= Center for the Partially Sighted =

U.S. non-profit organization

The Center for the Partially Sighted is an American non-profit organization with the goal of promoting independent living for people with visual impairments. The center was founded in 1978 by Sam Genensky and two associates as an outreach program of the Santa Monica Hospital (now the Santa Monica – UCLA Medical Center).

The Center works with persons who have partial to profound vision loss as a result of macular degeneration, glaucoma, strokes, cataracts, complications of diabetes, retinitis pigmentosa, cortical visual impairment, retinopathy of prematurity, atrophy of the optic nerve, albinism, and eye injury. It provides several services to persons from these conditions, including optometric counseling, life counseling, rehabilitation assistance, and specialized programs such as residential visits to advise in making living areas more liveable.

The Center has five offices, all in California. The Main Office and Pasadena/Eagle Rock Office are in Los Angeles; the Valley Office is in Tarzana; the Central Coast Office is in San Luis Obispo; and the South Bay Office is in Torrance. With prior arrangements, language translators are available at these offices. The Los Angeles office serves about 2,300 persons per year.

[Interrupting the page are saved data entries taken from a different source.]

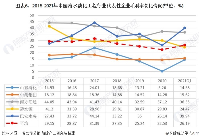 毛利率方面,中國海水淡化工程行業(yè)代表性企業(yè)中,2015-2021年一季度,南方匯通的毛利率在38%左右浮動,在代表性企業(yè)中處于較高的水平;山東?;c中集集團則一直處于平均值以下,在15%左右的水平波動。中國海水淡化工程行業(yè)代表性企業(yè)中毛利率平均水平隨時間變化不大,在27%水平附近波動。
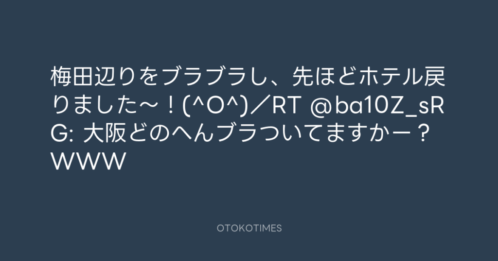 梅田辺りをブラブラし、先ほどホテル戻りました~!(^O^)/RT @ba10Z_sRG: 大阪ど... -
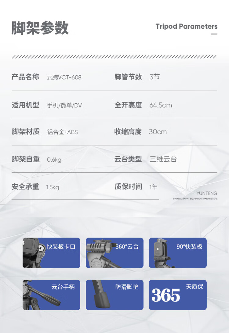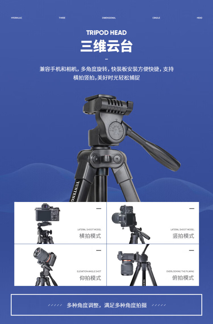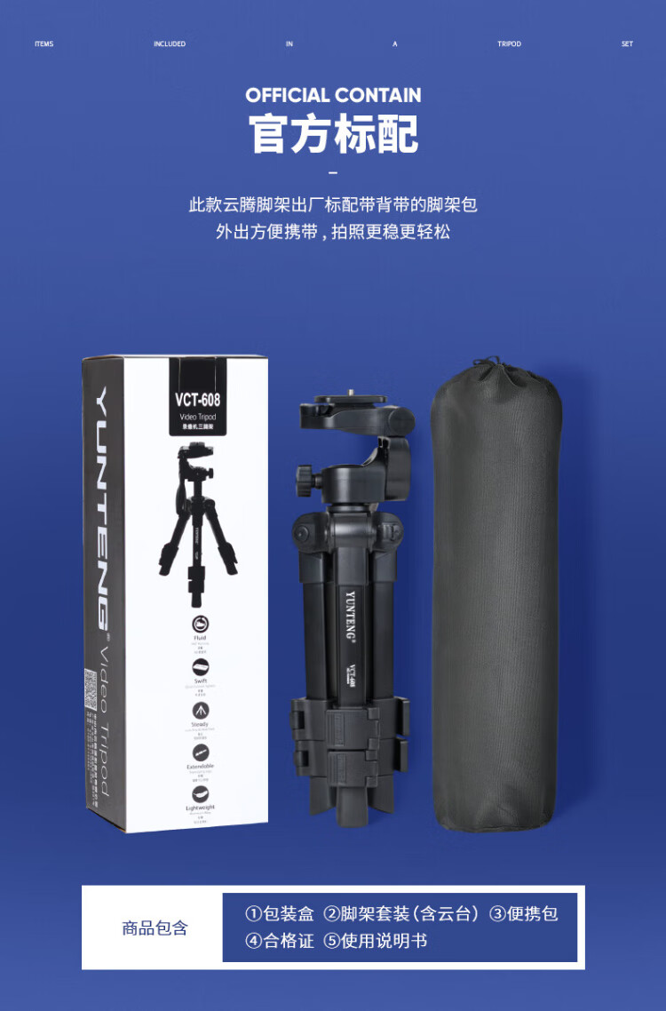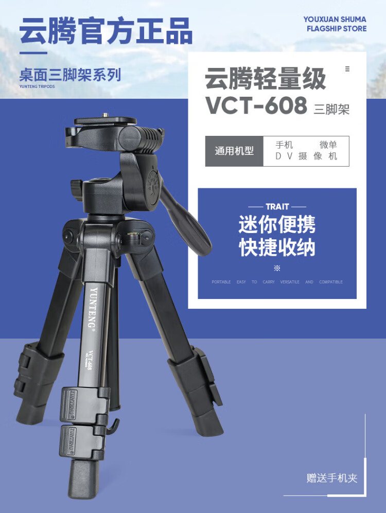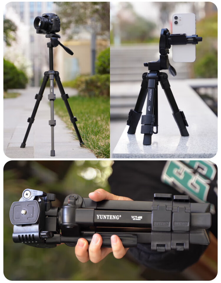 Yunteng 608 lightweight portable multifunctional tripod mobile phone desktop stand SLR mirrorless camera tripod photo video live broadcast selfie video outdoor pan/tilt mini bracket
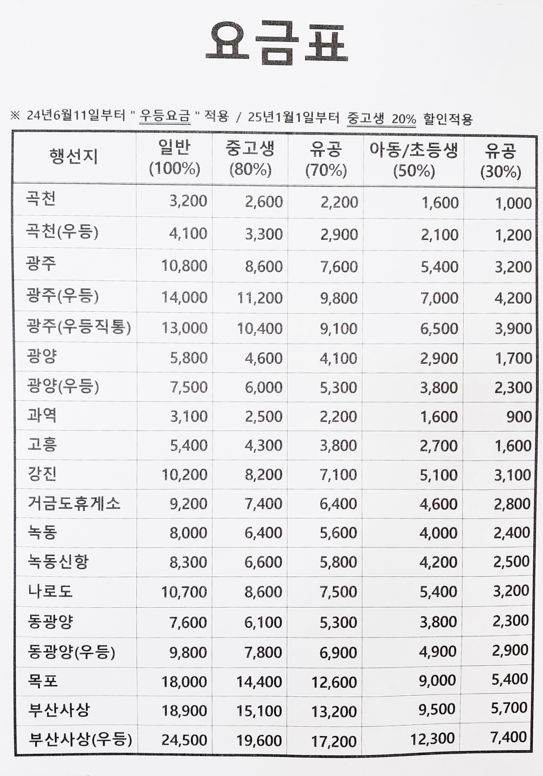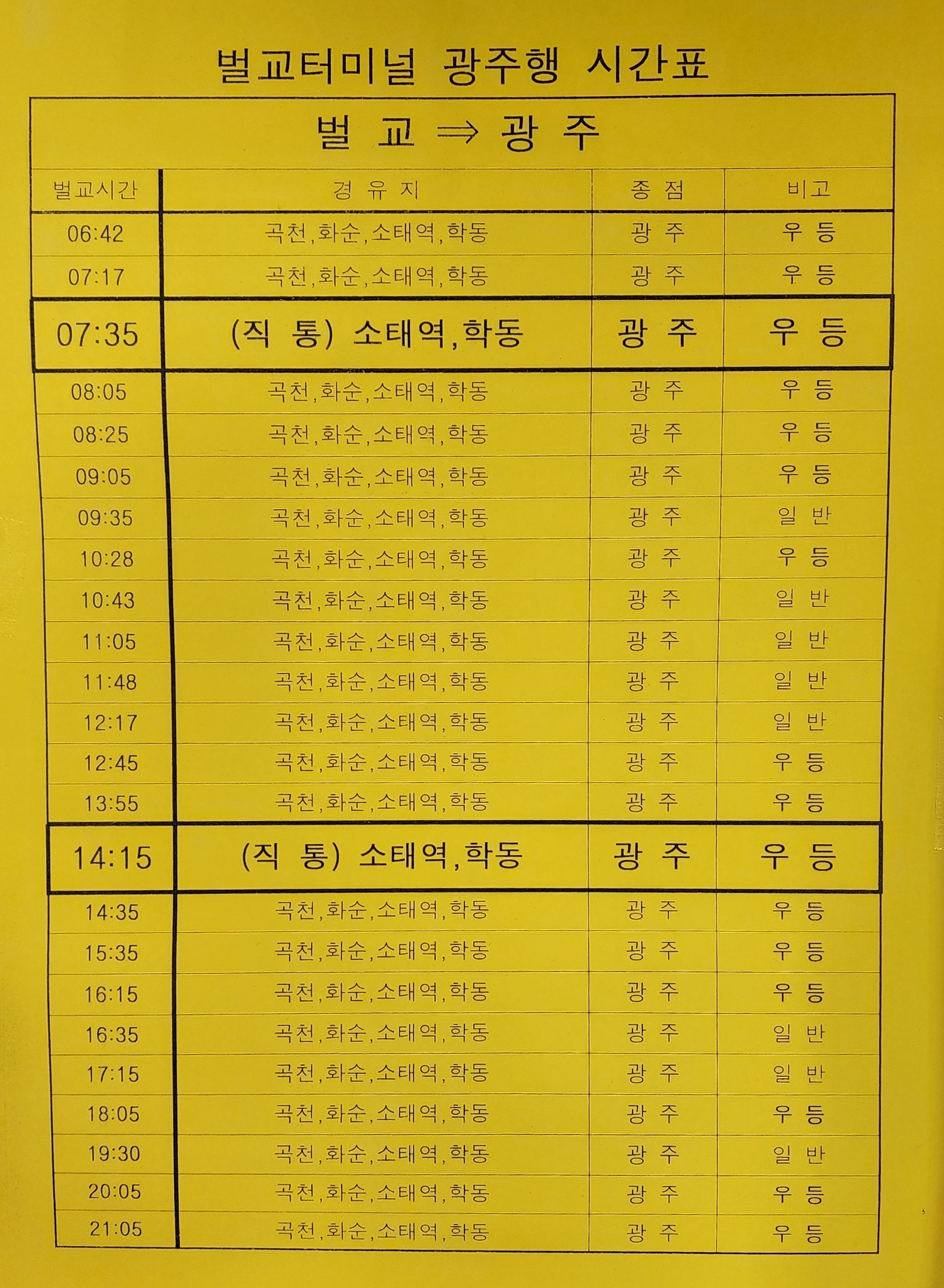 벌교 출발 곡천, 환순, 소태역, 학동, 광주 방면.
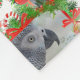 Um papagaio festivo da Cinza africana do Congo adornado com ramos de árvores de Natal e ornamentos pendurados com fitas vermelhas e canetas doces.
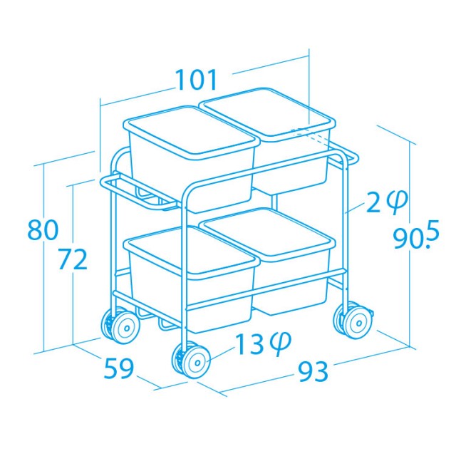- キャスター4個付き(内ストッパー付き2) ノーパンクタイヤ
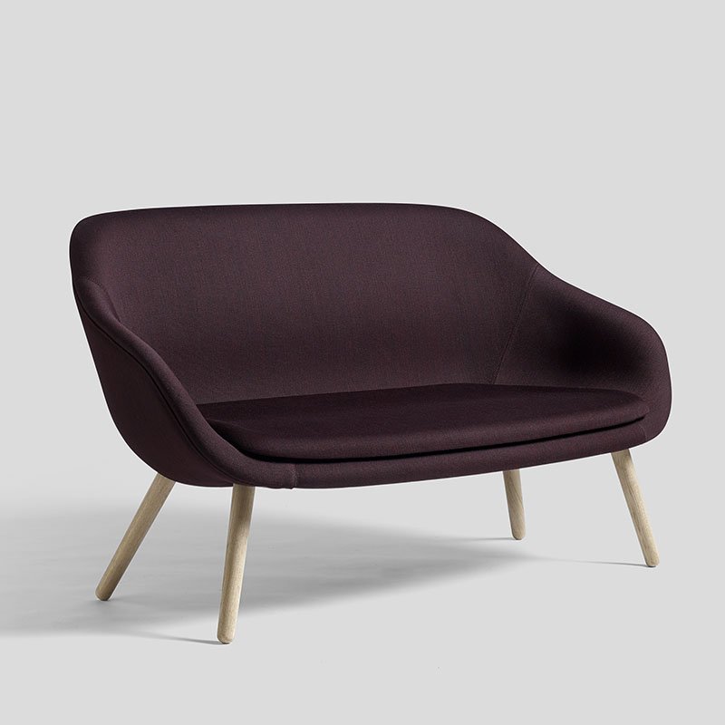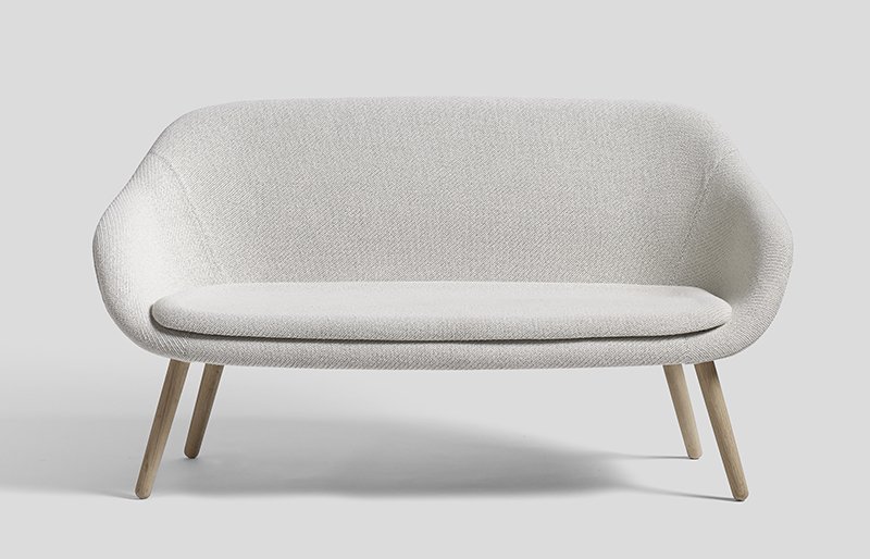De About a Lounge sofa is ontworpen door Hee Welling voor Hay. Het onderstel is verkrijgbaar in gezeept eiken, gelakt eiken, eiken zwart gebeitst en eiken mat gelakt.
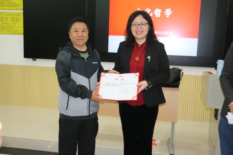 1月7日上午,2018-2019学年冬季小学期名家讲堂第四讲在五号教学楼113教室举行。东北师范大学郭凤志教授为员工讲授文化哲学课。经理张云阁出席并为并为郭凤志教授颁发了w66旗舰厅官网“冬季小学期授课外聘专家”证书。讲座由思想政治教育系主任陈招万主持。
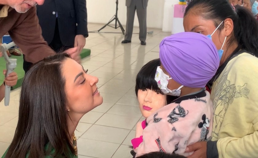 La presidenta honoraria también hizo entrega de tres pelucas oncológicas para personas que padecen cáncer (dos de adulto y una de niña), elaboradas artesanalmente por el voluntariado del DIF Metepec, que coordina Kenya Asmara Quintero Cortés.
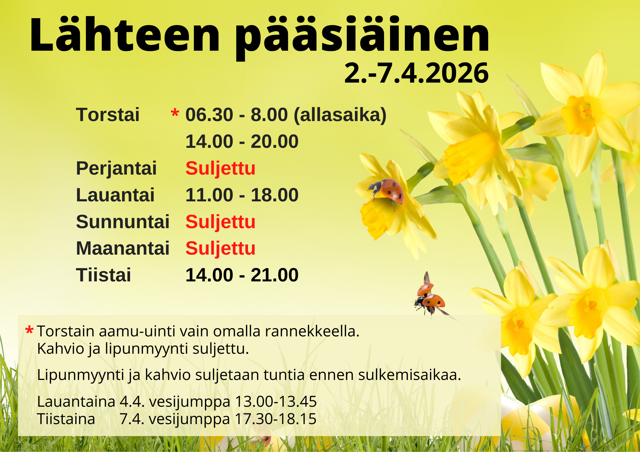 Lähteen kevään 2026 sunnuntaiaukioloajat 1.3. 22.3. ja 19.4. klo 12.00-17.00. Kahvio palvelee 17.00 asti. Lipunmyynti sulkeutuu tuntia ennen. Uintiaika päättyy puoli tuntia ennen sulkemisaikaa.
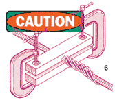 Winding on grooved drums If the first layer, or layers, are only used from time to time, they will loose their tension on the drum and start to flatten out due to the high pressures of the loaded layers. Repeat this pre-tensioning procedure regularly. As with tower cranes, for example, which have a long rope length installed and rise as the building goes up, pre-tensioning will not be possible. In these cases it may be advisable to install a shorter rope length first. Otherwise, you may have to replace the entire rope length because of crushing and flattening of the bottom layers. If this not possible, extra care must be taken to pre-tension the rope on the drum during installation. Whatever you do, DO NOT run the rope through a ‘tightening’ device (see picture 6), e.g. two wooden blocks clamped together. YOU WILL DESTROY |
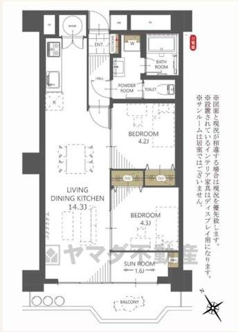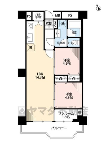 LDK14.3畳、洋4.2畳、洋4.3畳、その他1.6畳 |
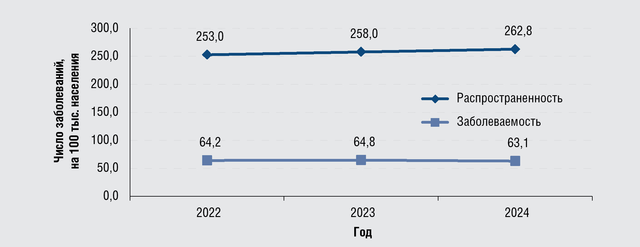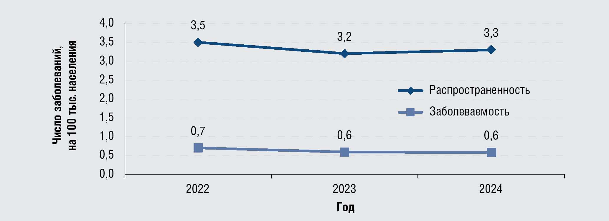 Показатель обеспеченности населения Российской Федерации врачами-дерматовенерологами — физическими лицами на занятых должностях, составлявший в 2022 г. 0,51 на 10 тыс. населения, в 2023 и 2024 гг. находился на уровне 0,50 на 10 тыс. населения [1, 3].
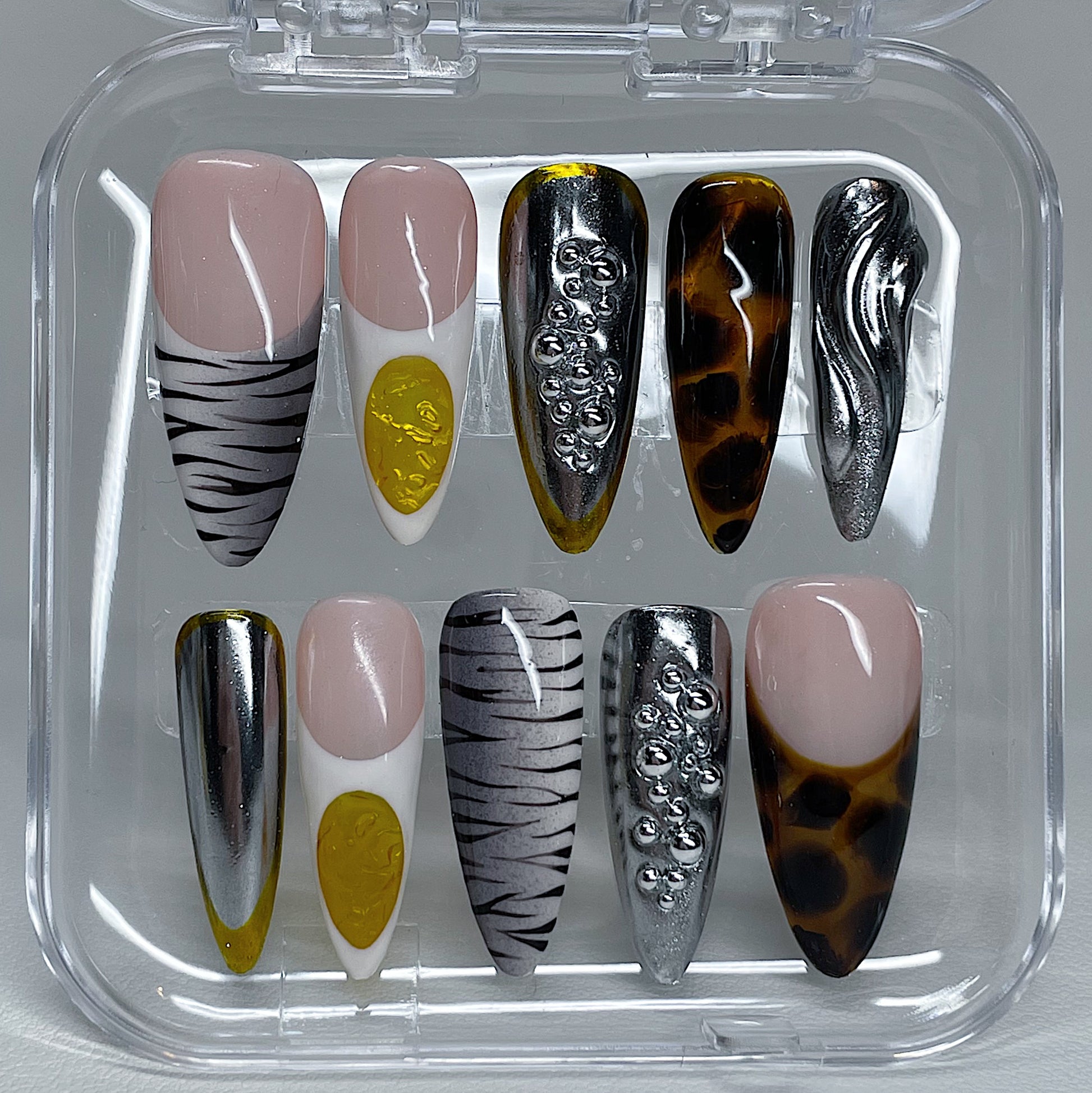 Your pressie set comes with 10 reusable press on nails as pictured, instructions on how to apply and remove your pressies, and an application kit containing everything you need for a seamless application!
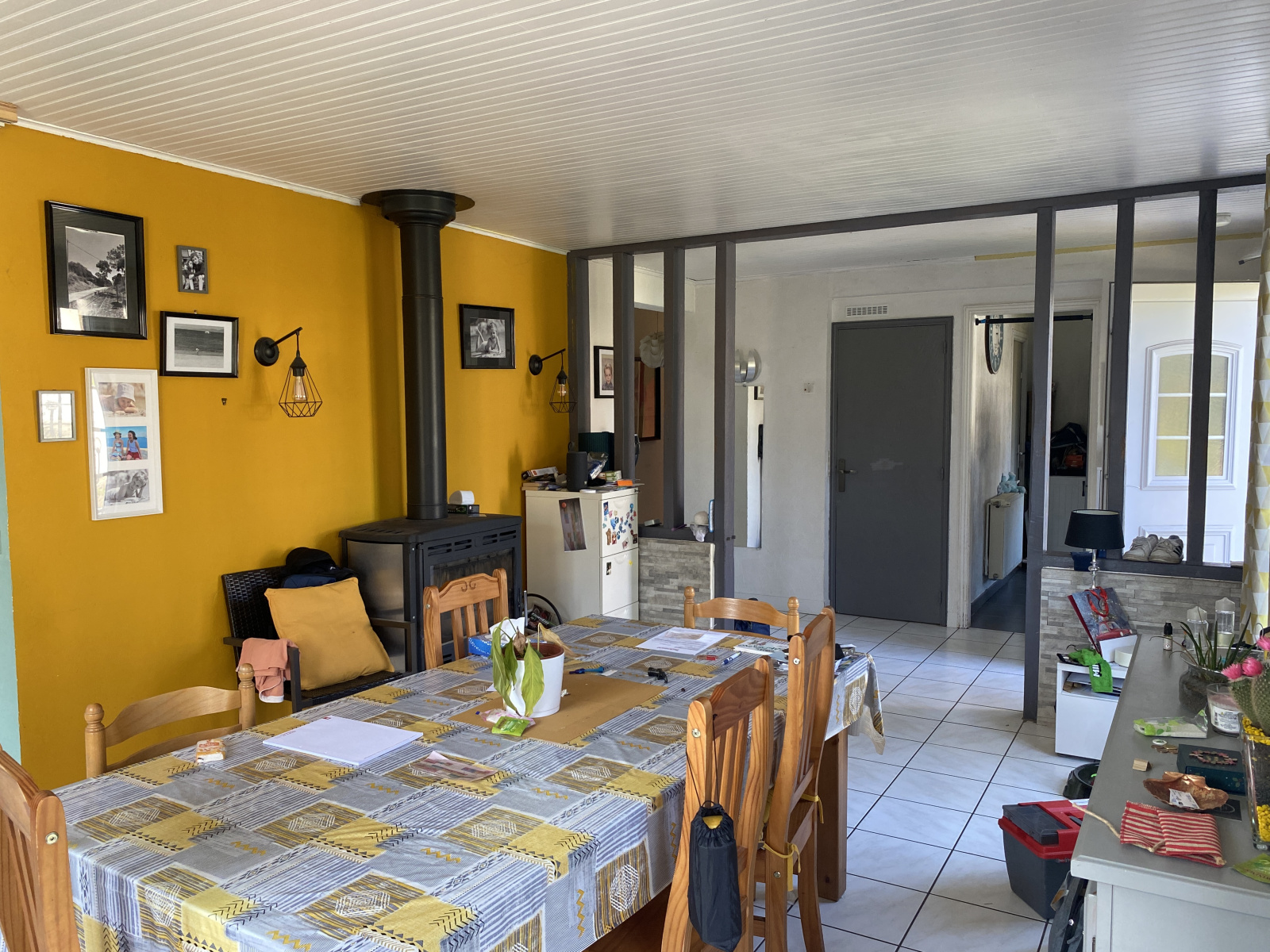 L’habitation comprend au rez-de-chaussée : entrée, séjour de 39.80 m² avec poêle à bois, cuisine aménagée de 10.49 m², chambre de 13.16 m², salle de bains/wc de 6.36 m². À l’étage : palier desservant de 9.85 m², deux chambres (19.87 m² et 12.96 m²), dégagement, wc de 7.51 m² avec lavabo, grenier de 14.94 m².
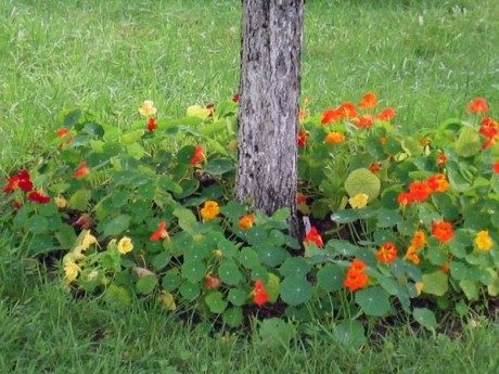 Правильно подобранные «соседи» будут не только удерживать влагу, они еще и станут биологической защитой для деревьев. Так, ландыши в приствольной клумбе уберегут черешню и вишню от плодовой гнили и монилиоза. Бархатцы, календула и настурция защитят яблоню и вишню от тли и нематод.

The Center charges for its services, but reduces or eliminates the charge depending on a person's financial resources. It receives grants from government agencies and donations from private foundations. One such grant established the George and Reva Graziado Institute for Low Vision Education, a subsidiary of the Center. This Institute administers a Continuing Education Program, which provides Continuing Education Credits (CEU) on low-vision rehabilitation topics, and is approved for optometrists, psychologists, social workers, MFTs, nurses and other rehabilitation specialists. The Institute also administers a Low Vision Internship and Residency Program, which provides fourth-year internships to fourth-year optometry students from the Southern California College of Optometry (located in Fullerton, California). It also extends a residency invitation to an Optometry graduate each year.